In the listing below, the lines starting at the line with "常见的聚类算法有三类:基于空" and ending at the line with "- cell body" are to be output verbatim. Images stay out of the copy.

**Excerpted data:**
+--

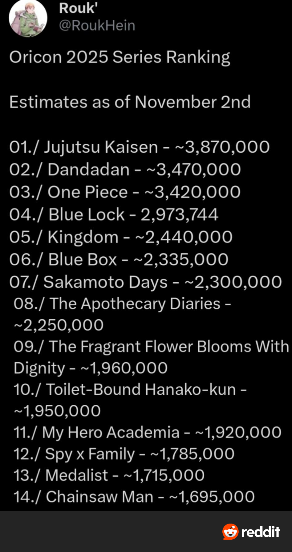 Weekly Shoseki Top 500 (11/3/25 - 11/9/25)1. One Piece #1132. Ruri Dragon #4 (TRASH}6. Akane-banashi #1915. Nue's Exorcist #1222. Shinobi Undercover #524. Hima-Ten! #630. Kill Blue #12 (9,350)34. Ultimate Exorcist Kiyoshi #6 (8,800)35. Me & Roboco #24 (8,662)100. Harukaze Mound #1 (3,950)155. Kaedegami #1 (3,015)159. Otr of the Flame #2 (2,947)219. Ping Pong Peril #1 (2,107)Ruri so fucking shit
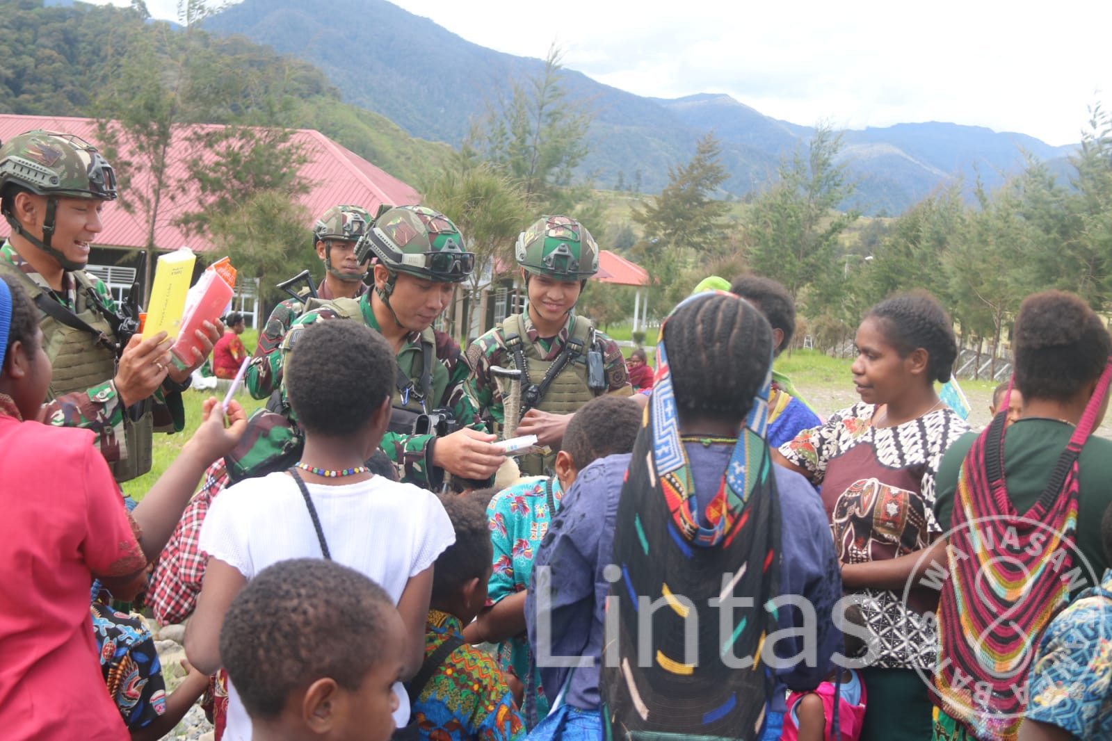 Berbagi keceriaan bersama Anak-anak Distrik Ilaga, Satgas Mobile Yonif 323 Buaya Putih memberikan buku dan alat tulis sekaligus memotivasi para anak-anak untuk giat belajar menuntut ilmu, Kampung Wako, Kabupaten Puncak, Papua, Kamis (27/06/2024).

+--

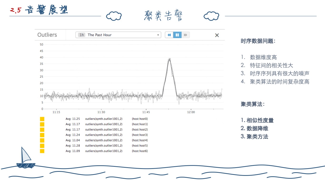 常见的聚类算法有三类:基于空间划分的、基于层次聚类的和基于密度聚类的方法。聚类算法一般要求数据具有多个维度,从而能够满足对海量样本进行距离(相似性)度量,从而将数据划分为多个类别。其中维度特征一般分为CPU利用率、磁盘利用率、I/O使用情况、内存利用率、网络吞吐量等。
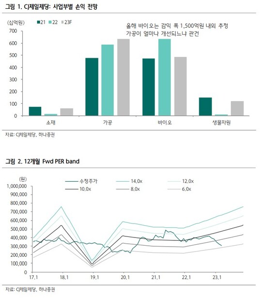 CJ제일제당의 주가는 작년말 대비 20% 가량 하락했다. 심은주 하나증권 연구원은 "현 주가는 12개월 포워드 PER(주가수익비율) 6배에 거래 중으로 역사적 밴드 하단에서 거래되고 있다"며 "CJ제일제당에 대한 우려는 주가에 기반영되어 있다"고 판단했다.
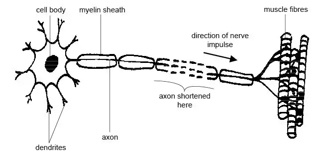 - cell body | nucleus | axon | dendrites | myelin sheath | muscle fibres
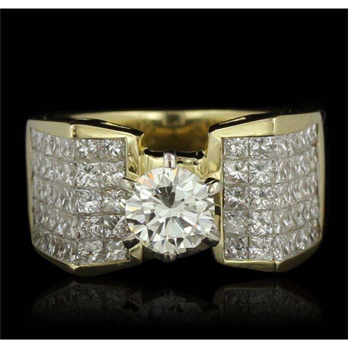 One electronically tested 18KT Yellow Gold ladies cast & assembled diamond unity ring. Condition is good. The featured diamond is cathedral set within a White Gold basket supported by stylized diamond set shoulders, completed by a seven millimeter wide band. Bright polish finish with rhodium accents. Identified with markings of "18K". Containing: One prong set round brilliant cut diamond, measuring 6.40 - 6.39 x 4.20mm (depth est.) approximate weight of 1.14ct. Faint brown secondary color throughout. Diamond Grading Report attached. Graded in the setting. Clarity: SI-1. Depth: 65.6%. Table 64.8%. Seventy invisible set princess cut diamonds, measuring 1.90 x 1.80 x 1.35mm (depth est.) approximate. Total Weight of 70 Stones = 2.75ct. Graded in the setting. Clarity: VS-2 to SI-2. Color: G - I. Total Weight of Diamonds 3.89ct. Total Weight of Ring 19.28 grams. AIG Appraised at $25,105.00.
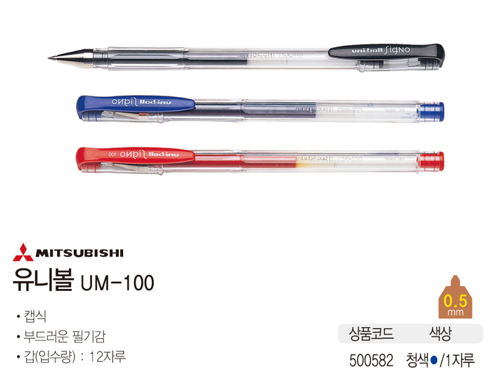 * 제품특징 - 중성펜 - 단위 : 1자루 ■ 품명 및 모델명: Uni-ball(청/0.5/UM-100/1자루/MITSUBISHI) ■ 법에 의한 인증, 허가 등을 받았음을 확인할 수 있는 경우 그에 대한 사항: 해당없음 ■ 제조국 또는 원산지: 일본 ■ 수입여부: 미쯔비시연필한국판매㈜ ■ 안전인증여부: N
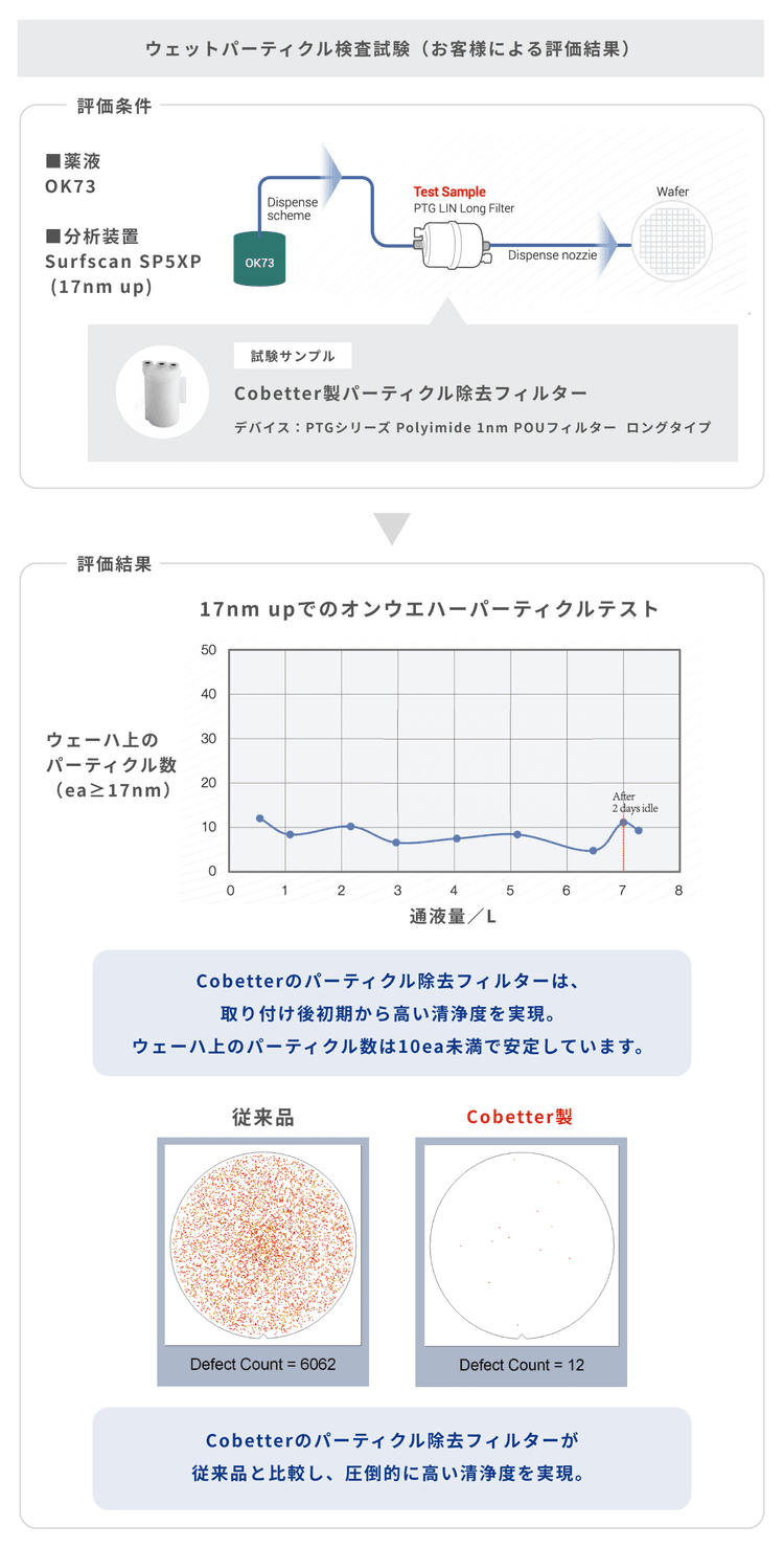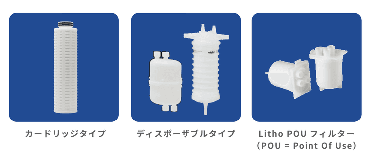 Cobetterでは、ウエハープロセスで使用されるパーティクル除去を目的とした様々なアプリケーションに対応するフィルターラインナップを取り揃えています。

+--

**Exercise solution:**
 常见的聚类算法有三类:基于空间划分的、基于层次聚类的和基于密度聚类的方法。聚类算法一般要求数据具有多个维度,从而能够满足对海量样本进行距离(相似性)度量,从而将数据划分为多个类别。其中维度特征一般分为CPU利用率、磁盘利用率、I/O使用情况、内存利用率、网络吞吐量等。
 CJ제일제당의 주가는 작년말 대비 20% 가량 하락했다. 심은주 하나증권 연구원은 "현 주가는 12개월 포워드 PER(주가수익비율) 6배에 거래 중으로 역사적 밴드 하단에서 거래되고 있다"며 "CJ제일제당에 대한 우려는 주가에 기반영되어 있다"고 판단했다.
 - cell body | nucleus | axon | dendrites | myelin sheath | muscle fibres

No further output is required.